3) Substantive national rules on ministerial criminal responsibility
must comply both with Article 7 of the European Convention on Human
Rights and other requirements derived from the principle of the
rule of law, including legal certainty, predictability, clarity,
proportionality, and equal treatment.
4) In particular, wide and vague national criminal provisions
on “abuse of office” can be problematic, both with regard to Article
7 of the Convention and other basic requirements under the rule
of law, and they can also be particularly susceptible to political
abuse.
5) Politicians should therefore, as a rule, be held criminally
liable for acts or omissions committed in the exercise of their
office only when they act for personal gain or violate fundamental
rights of others.
6) As regards procedure, as long as the charges brought against
politicians are of a “criminal” nature, according to Article 6 of
the Convention, the same basic fair trial requirements apply both
to ordinary criminal procedures and to the special impeachment procedures
which exist in a number of Council of Europe member States.
7) Special rules for impeachment of ministers must not be
in breach of basic principles of the rule of law. As such rules
are susceptible to political abuse, they call for extra caution
and restraint in the way they are interpreted and applied.
38. The real difficulty lies in drawing the line, in
practice, between the first two principles, namely between legitimate
accountability of politicians for ordinary criminal acts and illegitimate
penalisation of political decision-making.

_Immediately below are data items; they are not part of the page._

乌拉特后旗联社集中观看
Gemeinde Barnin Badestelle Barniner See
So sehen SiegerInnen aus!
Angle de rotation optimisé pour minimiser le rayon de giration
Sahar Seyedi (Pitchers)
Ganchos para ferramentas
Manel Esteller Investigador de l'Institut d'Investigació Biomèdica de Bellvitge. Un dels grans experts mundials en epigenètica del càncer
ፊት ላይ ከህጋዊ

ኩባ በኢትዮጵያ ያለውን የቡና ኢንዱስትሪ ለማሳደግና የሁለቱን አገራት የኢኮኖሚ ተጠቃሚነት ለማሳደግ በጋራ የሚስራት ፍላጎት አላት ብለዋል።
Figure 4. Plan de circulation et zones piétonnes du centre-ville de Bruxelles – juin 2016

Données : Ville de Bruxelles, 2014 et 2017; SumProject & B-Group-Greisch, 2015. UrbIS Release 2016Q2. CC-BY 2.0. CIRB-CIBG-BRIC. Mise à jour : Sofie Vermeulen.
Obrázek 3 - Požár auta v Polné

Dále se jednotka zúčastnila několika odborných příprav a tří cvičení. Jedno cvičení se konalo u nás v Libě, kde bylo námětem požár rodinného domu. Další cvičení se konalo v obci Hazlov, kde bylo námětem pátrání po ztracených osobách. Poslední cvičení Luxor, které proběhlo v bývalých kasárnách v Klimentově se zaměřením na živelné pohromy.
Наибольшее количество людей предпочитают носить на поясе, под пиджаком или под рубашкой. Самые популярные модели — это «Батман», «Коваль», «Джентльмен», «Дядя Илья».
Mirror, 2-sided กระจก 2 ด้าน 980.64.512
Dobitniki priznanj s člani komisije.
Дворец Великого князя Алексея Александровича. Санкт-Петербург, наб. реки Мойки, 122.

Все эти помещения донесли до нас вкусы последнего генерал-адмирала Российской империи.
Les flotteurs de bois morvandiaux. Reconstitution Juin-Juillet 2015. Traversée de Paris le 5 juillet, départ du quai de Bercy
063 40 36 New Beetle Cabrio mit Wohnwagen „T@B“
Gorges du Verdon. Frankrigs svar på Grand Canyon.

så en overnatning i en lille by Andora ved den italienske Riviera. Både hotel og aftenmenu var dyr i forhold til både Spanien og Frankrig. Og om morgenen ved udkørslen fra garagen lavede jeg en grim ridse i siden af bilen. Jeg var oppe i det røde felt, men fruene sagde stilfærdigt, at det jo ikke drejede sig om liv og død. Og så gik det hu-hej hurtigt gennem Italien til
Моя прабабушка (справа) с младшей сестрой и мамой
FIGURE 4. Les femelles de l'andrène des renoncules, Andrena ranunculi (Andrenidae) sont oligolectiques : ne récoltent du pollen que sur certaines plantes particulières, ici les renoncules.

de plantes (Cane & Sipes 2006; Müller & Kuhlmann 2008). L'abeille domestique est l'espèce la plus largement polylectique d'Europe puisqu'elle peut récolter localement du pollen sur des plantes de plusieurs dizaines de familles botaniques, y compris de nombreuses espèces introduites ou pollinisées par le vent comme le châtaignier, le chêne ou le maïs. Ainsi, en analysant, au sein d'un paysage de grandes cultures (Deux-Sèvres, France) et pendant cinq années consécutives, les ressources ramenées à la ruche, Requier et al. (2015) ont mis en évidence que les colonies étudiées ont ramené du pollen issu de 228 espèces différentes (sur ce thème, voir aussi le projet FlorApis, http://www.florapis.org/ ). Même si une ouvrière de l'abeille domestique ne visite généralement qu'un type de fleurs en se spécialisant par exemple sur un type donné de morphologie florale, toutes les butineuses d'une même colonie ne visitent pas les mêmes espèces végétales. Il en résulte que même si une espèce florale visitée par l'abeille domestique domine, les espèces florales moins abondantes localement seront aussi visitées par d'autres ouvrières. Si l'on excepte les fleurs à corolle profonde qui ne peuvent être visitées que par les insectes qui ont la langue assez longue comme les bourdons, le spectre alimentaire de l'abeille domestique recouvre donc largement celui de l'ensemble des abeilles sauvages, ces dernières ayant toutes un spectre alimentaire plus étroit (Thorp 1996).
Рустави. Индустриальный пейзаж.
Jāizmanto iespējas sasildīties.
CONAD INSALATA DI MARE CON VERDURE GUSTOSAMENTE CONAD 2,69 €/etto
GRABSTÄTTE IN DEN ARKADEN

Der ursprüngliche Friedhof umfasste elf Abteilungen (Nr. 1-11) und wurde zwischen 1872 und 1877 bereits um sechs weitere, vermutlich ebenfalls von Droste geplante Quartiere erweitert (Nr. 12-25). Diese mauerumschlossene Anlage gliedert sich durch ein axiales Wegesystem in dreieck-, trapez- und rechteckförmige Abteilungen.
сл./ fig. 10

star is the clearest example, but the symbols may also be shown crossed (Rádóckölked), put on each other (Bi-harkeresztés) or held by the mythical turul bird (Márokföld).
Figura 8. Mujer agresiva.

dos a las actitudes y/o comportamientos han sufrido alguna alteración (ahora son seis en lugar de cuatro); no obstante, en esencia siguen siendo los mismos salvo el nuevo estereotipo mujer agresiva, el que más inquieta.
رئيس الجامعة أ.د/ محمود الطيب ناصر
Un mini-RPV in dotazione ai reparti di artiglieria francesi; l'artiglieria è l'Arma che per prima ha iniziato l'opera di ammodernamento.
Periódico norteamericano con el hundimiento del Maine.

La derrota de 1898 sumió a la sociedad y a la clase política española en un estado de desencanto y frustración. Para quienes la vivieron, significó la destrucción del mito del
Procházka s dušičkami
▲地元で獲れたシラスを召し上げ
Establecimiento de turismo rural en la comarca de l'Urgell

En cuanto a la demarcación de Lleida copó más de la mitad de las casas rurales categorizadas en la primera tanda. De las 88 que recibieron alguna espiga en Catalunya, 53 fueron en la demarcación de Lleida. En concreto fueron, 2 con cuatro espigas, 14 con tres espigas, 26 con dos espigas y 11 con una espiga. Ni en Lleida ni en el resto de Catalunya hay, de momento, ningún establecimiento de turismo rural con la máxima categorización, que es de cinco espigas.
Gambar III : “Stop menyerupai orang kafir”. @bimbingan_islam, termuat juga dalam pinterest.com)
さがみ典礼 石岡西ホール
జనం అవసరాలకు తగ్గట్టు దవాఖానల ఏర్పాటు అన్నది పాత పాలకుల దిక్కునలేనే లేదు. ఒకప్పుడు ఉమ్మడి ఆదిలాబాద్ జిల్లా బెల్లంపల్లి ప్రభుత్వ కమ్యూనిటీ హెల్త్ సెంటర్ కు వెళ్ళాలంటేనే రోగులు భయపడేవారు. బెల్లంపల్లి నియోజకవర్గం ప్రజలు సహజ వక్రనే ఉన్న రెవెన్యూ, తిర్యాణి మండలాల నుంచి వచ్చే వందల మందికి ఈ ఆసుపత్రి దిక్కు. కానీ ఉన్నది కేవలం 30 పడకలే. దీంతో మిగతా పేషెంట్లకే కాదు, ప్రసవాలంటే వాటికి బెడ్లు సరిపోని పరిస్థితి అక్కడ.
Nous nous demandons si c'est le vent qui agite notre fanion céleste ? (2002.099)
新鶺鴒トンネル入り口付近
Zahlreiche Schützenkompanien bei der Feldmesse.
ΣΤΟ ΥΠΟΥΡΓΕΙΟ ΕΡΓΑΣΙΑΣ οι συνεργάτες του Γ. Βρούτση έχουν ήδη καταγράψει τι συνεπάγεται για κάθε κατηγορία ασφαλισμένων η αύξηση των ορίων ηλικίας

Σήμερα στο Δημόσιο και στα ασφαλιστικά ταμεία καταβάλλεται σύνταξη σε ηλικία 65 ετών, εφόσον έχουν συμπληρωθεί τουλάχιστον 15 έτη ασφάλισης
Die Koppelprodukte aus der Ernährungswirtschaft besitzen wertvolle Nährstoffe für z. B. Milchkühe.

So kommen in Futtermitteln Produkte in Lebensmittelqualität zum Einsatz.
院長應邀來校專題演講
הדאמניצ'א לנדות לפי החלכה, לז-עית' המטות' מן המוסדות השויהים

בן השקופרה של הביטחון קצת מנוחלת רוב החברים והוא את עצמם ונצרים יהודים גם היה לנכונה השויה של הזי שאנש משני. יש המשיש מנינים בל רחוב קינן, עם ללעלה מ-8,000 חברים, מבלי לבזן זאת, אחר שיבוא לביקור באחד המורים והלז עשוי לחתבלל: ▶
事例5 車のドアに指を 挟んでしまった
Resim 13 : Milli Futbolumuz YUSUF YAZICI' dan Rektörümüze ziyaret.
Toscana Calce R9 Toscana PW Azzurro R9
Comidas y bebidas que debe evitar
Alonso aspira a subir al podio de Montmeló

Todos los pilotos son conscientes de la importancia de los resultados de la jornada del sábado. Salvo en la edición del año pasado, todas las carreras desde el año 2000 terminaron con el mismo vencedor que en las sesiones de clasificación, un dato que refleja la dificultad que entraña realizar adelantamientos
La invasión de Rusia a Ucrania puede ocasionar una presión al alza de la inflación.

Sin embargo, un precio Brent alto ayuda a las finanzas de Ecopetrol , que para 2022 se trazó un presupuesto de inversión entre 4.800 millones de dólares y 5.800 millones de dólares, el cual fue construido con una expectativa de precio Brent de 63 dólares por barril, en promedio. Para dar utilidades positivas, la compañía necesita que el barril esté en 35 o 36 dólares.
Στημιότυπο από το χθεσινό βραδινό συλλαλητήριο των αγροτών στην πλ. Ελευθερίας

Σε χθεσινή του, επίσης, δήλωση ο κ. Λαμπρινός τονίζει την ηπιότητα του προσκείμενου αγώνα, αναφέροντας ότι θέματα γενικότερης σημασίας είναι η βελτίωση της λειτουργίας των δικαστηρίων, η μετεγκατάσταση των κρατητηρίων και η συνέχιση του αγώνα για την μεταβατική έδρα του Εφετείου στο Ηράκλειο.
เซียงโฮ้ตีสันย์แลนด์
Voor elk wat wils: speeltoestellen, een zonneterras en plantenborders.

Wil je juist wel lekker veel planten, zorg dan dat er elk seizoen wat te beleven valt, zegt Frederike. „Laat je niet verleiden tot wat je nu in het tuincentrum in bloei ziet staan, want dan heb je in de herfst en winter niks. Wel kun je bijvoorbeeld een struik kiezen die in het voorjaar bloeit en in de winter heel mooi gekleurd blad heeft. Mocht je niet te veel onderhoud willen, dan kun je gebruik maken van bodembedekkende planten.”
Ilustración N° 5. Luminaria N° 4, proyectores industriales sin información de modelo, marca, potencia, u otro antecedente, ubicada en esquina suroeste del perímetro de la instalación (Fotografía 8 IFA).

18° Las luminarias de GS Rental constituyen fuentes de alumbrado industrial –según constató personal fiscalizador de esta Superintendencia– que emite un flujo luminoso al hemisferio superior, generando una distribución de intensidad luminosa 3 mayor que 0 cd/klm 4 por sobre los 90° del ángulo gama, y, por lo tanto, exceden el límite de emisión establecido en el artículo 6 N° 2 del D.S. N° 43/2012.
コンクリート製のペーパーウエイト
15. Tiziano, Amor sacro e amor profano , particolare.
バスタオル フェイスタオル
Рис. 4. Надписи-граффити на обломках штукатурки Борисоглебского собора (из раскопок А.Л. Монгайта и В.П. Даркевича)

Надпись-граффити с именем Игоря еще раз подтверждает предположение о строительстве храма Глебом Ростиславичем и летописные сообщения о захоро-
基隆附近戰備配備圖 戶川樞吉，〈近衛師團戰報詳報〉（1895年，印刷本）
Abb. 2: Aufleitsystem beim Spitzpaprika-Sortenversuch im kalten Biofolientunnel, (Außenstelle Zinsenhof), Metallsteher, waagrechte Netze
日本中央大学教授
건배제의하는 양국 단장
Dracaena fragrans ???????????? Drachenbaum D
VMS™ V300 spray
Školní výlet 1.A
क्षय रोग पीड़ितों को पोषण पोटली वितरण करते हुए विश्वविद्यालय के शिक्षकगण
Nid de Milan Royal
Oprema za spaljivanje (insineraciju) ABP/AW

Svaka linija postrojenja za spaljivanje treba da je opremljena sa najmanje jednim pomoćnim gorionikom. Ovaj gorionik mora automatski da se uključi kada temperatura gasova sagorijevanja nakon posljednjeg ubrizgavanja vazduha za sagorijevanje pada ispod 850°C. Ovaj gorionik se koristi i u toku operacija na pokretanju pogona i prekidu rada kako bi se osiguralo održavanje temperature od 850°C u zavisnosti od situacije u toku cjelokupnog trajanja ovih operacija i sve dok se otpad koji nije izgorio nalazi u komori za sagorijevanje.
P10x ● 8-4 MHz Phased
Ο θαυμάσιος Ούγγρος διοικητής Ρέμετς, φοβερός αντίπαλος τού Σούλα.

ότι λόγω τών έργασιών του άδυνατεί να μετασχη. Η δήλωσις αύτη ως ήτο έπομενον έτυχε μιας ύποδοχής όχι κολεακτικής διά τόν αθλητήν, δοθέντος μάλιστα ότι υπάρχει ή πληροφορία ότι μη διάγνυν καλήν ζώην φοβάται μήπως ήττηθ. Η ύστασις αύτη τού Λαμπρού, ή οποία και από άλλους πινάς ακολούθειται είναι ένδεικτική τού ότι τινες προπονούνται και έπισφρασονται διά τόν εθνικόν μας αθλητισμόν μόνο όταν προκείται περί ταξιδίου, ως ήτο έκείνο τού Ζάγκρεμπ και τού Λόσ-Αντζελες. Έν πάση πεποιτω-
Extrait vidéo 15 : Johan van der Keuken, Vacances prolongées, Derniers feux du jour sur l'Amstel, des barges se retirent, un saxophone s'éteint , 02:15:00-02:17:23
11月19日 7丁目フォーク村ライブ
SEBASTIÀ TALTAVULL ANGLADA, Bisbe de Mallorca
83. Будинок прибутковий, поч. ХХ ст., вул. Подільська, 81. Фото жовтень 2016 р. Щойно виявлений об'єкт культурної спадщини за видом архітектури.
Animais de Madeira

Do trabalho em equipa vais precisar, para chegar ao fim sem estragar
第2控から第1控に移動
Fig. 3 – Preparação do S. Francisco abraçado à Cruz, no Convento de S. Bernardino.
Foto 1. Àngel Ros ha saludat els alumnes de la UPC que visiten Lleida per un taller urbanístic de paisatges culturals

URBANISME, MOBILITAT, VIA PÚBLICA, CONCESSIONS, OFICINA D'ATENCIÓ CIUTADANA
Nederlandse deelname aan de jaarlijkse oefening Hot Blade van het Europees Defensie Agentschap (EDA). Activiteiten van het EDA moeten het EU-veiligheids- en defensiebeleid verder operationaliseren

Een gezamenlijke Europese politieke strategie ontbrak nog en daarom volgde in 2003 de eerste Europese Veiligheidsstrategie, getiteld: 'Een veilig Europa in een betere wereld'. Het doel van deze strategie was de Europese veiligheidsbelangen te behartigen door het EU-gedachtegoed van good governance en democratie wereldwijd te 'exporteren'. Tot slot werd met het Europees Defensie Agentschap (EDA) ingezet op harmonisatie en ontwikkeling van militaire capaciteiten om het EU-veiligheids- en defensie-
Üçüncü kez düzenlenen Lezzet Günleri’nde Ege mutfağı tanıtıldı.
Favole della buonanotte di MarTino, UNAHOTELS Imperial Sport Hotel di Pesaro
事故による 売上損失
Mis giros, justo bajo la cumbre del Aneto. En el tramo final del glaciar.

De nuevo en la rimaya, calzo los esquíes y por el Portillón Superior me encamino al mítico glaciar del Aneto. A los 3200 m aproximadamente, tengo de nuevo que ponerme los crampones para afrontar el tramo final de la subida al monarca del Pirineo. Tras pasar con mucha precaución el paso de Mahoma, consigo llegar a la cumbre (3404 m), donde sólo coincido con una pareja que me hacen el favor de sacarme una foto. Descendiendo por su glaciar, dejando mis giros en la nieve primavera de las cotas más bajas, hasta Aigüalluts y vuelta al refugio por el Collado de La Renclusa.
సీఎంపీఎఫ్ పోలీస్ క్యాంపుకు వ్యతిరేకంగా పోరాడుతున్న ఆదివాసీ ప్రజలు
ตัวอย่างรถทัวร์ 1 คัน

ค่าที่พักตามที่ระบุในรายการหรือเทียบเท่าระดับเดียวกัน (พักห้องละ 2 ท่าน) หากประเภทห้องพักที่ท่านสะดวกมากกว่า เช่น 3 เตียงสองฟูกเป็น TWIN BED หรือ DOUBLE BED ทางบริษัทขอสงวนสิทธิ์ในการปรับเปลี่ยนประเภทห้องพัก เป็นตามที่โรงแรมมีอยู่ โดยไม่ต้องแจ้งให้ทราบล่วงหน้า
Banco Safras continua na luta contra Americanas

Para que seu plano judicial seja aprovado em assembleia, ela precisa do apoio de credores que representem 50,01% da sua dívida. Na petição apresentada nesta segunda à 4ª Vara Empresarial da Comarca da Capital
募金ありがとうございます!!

39. In this respect, the Venice Commission has, if I may use the
sporting image, passed the ball back to the Parliamentary Assembly,
by expressly leaving the drafting of any criteria in this respect
to the Assembly and limiting its own role to contributing some “general
reflections”.
Fortunately,
one of our experts, Professor Satzger, came up with an original
and helpful approach at the committee hearing in September 2012,
which I first applied to the case of Geir Haarde in the information
memorandum on the situation in Iceland.
40. Professor Satzger, too, drew a parallel with sports: he recalled
that a football player, for example, is subject to sanctions under
the rules of the game in case of foul play, thus escaping ordinary
criminal responsibility for intentionally or negligently causing
bodily harm. His opponent will get a free kick, or even a penalty
shot, but the perpetrator of the foul will not be prosecuted criminally
– except when he commits such an outrageous attack on an opposing
player that the presumed prior consent (or waiver of criminal responsibility)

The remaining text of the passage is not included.